Database Compilation
A key component of ADAPT is a continually updated database of physicists and their demographic information, including binary gender, race or ethnicity, and birthplace. The database was initially constructed by scraping information from websites of notable physicists, and is continuously updated by ADAPT as new names are identified in examined textbooks. The database is periodically checked by hand for accuracy.
To initially construct the database, we compile lists of physicists and scientists from aggregator sites such as the Wikipedia list of physicists. We place all of these into a txt file and then begin querying each names Wikipedia entry (if it exists) from the Wikimedia API. With the WikiMedia API, we can scrape the scientists name, birth country, birth city, race, gender. Sometimes, these fields are not available, but simply having a name in the database allows for faster and more accurate name detection from texts.
Our final compiled physicist database is an extensive list of around 3000 unique dictionaries containing the following information: The name of the person, the name returned when wikipedia is queried, whether the person is a human, the gender of the person, the birth city of the person, the birth country of the person, the race of the person, a ‘MatchName’ variable that is used for matching in the name grabbing phase, a ‘FullName’ variable that is used for checking in the wikipedia querying phase, the race of the person according to Wikipedia, the race of the person conducted through hand-tagging and a ‘MatchingNames’ variable that is leftover for sanity checking purposes.
We manually supplement the race of the queried entry through hand-tagging. This hand-tagging is done through phenotypic observation by two researchers independently.
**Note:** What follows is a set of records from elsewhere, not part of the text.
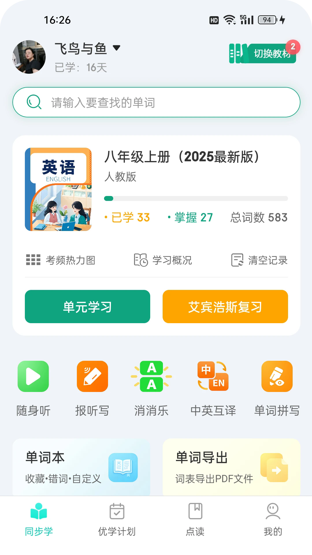 可以在这里查看自己的单词本,以后就能够快速的整理错词,及时进行单词记忆巩固;
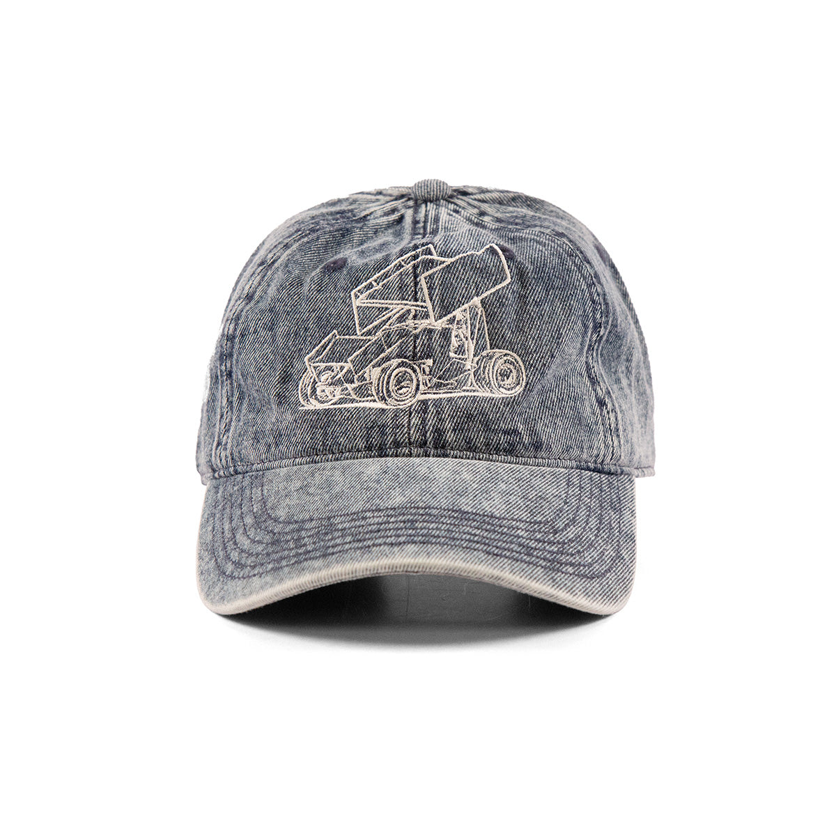Denim Sprint Car Dad Hat Show off your love for the dirt track with this vintage-style denim sprint car hat. Featuring a detailed white embroidered sprint car on distressed denim,...
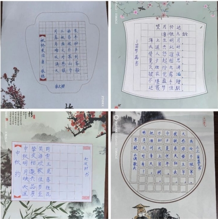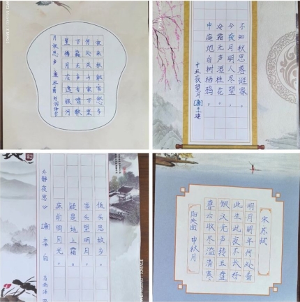 一首首流传千古的诗词佳作,一个个仰望明月的思乡游子,古人借中秋圆月表达对远方家乡的思念。时值中秋佳节,同学们用漂亮的书法书写传承,感受这份亘古绵延的深厚情感。
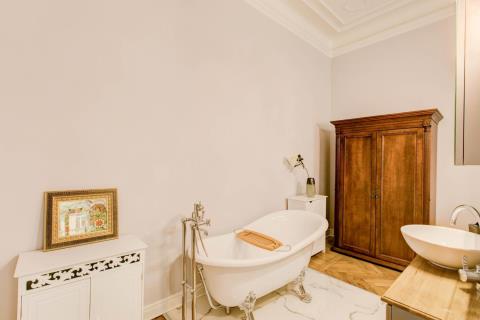 Nabízíme Vám k pronájmu tento výjimečný byt s třemi ložnice a třemi koupelnami na pražských Vinohradech. Byt je velkoryse vybaven a disponuje též prostorným balkónem, kde je možné grilovat či jen tak posedět. Balkón je orientovaný do klidného vnitrobloku. Byt se nachází ve zvýšeném prvním patře. Srdcem celého bytu je 35 m2 velký obývací pokoj spojený s kuchyní ve vysokém standardu. Odtud vedou dveře na obě strany, kde se nachází ložnice. Každá se svojí koupelnou. V jedné místnosti je koupelna součástí pokoje, je však oddělena stěnou uprostřed místnosti. V druhé ložnici je koupelna standardně mimo místnost. Do poslední třetí ložnice se dostaneme přes prostornou chodbu spojující vchod do bytu, obývací pokoj, extra toaletu a prostornou šatnu. I poslední ložnice má svoji koupelnu. Ze třetí ložnice je přístup na balkon. K bytu je k dispozici i prostorná sklepní kóje v přízemí. Zastávka metra kousek od bytu, tramvajová zastávka Šumavská je vzdálena asi 1 minutu chůze. Velké množství kvalitních obchodů, restaurací, kaváren a bister v docházkové vzdálenosti. Byt i dům jsou nádherně zrekonstruovány. Poplatky nejsou zahrnuty v ceně nájmu. Zájemce je srozuměn s úhradou provize ve výši jednoho měsíčního nájmu. K dispozici od 1. října 2025.
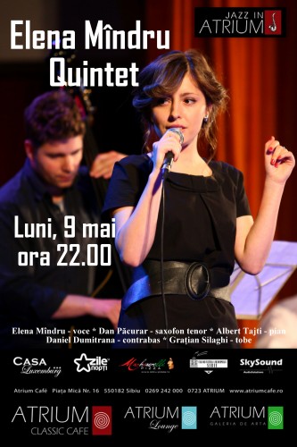 Atrium Classic Cafe vă invită la concert alături de ELENA MÎNDRU QUINTET luni seara, începând cu ora 22.00. Cu idei proaspete și originale, formația Elena Mîndru Quintet aduce pe scena jazz-ului românesc piese din repertoriul standard de jazz, melodii tradiționale românești ”jazzificate” și compoziții proprii printr-un sound personal, cu influențe de funk, soul sau latino.
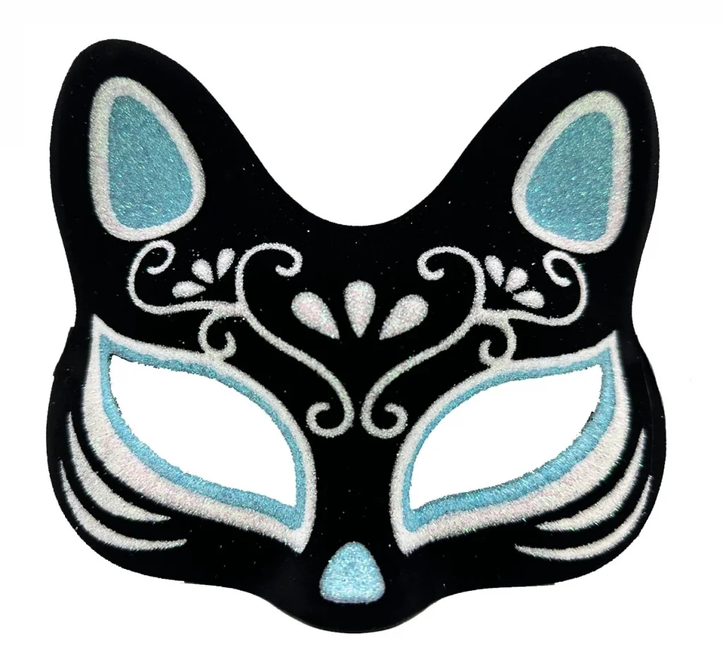 Siyah Renk Süet Kaplama Üzeri Gümüş Mavi Simli Kedi Maskesi 17x14 Cm

Only races that have agreement from both taggers are retained.
Database Headers
A sample entry in the database looks like the following:
Name | Wiki Name | Human | Sex | Birth Location | Birth Country | Race | MatchName | FullName | Wiki Race | Matching Names |
---|---|---|---|---|---|---|---|---|---|---|
Michael Faraday | Michael_Faraday | human | male | Newington Butts | United Kingdom | caucasian | FARADAY | MICHAEL FARADAY |
‘Name’ denotes the cleaned name of the scientist, ‘Wiki Name’ denotes the raw name returned from querying wikipedia, ‘Human’ denotes the attribute of the individual (if the queried output is not a human, it will have a different attribute tag. This is useful if last names such as ‘Carnot’ query ‘Carnot Engine’ instead of ‘Sadi Carnot’). ‘Sex’ denotes the sex of the individual queried from Wikipedia, ‘Birth Location’ denotes the birth city, ‘Birth Country’ denotes the birth country, ‘Race’ denotes the hand-tagged race, ‘MatchName’ is a simplified last-name string from the individual. It contains only the last name of the physicist in the entry. We match last names instead of full names as we are iterating over tokens. This conveniently is also helpful to minimize the effect of OCR error, abbreviations, and odd formatting, as the simplicity reduces the chance of words being OCRed wrong. Additional information on OCR error can be found in the ‘error sources’ section of the website. ‘FullName’ is a string used for checking if the final returned physicist name matches fully with the database entry, ‘Wiki Race’ is the race as queried by Wikipedia, and ‘Matching Names’ is the boolean that informs whether the name tagged in the text matches the database entry or a queried Wikimedia API entry.
The database can be continually and automatically updated every time a new textbook is run through it. If an entry that is not in the database is encountered and tagged by the named entity recognition method, the entry will be queried through the Wikimedia API and then added into the database. This means that the more books that are run through the tool, the better the database gets.
Extensions
If one wishes to create a similar tool for fields such as chemistry and biology, the brunt of the work will be in creating an additional database specific to those fields. To do so, a similar procedure can be followed.
- Compile scientist names through aggregator sites and lists
- Use the Wikimedia API to grab the necessary attributes from Wikipedia
- Begin running textbooks through the tool. This process will not be used to generate results, rather they will allow the named entity recognition algorithm to grab out more names.
- Use the Wikimedia API to grab attributes for your new names
- Manually supplement any lacking headers. Race will most likely be the most sparse field, and some hand-tagging may be necessary to fill this field in. Alternatively, one can begin analysis on textbooks and fill in the necessary fields on outputted results. After completing this hand-tagging, update the database with these results.